Asbestos Air Sampling Programs Determine Dust Levels in Mines
Read the U.S. Department of Labor (DOL) and the Mine Safety and Health
Administration (MSHA) report about their procedures to sample air quality in
mines. Miners are routinely exposed to dangerous dust, including asbestos.
Contaminant-specific sampling procedures may be obtained from the sources
referenced in the appendix. Health specialists and industrial hygienists in your
local Metal and Nonmetal Mine Safety and Health (MNMSH) District office are also
available to assist you.
Personal Exposure vs. Area Samples
Most allowable exposure levels
require the measurement of hazardous substance concentrations in the miner's
breathing zone (a two-foot diameter sphere surrounding the miner's head).
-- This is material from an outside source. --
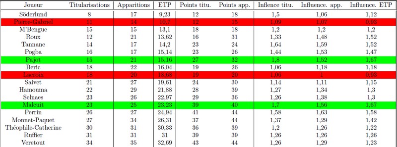 Le tableau suivant classe ces 18 joueurs par ordre croissant suivant leur Equivalent Temps Plein (ETP), soit le nombre total de minutes jouées divisé par 90. Petit mot de méthodologie : nous regroupons dans les dernières colonnes trois indicateurs différents. Le premier correspond au nombre de points pris par l'ASSE lorsque le joueur est titularisé, divisé par le nombre de titularisations. Le deuxième l'ensemble des points pris lorsque le joueur participe sur le terrain, divisé par le nombre d'apparitions. Enfin le troisième, qui nous semble plus enclin à mesurer l'influence réelle du joueur, est un peu plus compliqué : à chaque match auquel le joueur participe, nous prenons le nombre de points pris par l'équipe et le multiplions par le temps de jeu du joueur sur ce match ; en faire la somme pour chaque apparition et diviser par le nombre total de minutes jouées au cours de la saison nous donne ce dernier indicateur. Enfin, nous précisons que la seule source retenue nous vient du site de la Ligue qu'on adule.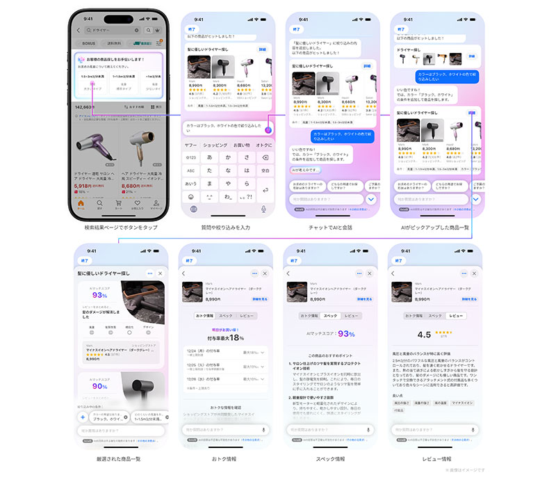提示された商品を選択すると、ユーザーのニーズとのマッチ度を示す「AIマッチスコア」が表示される。加えて、商品の概要やおトクに買い物できる日、レビューの要約、他商品との比較情報も確認できる。商品名やカテゴリに詳しくないユーザーでも、日常のニーズやシチュエーションを会話形式で伝えるだけで、希望に合った商品にたどり着けることが期待される。

Breathing zone samples are personal exposure samples and are collected by
either holding the sample collection device in the miner's breathing zone or
attaching the sampling device directly to the miner. Breathing zone
concentrations cannot be determined by area sampling.
Area samples are collected to determine concentrations of standard mine
gases, to screen qualitatively for the presence of other potential contaminants,
and to determine the effectiveness of controls.
Area samples may also be used to identify potentially hazardous areas so that
more detailed observations and personal sampling can be performed in accordance
with the hazard level that was detected.
Number and Duration of Samples
Allowable exposure levels are
established in terms of time-weighted average exposures, short-term exposures,
and ceiling values. The duration of sample collection should be sufficient to
compare a miner's exposure to the appropriate allowable exposure level.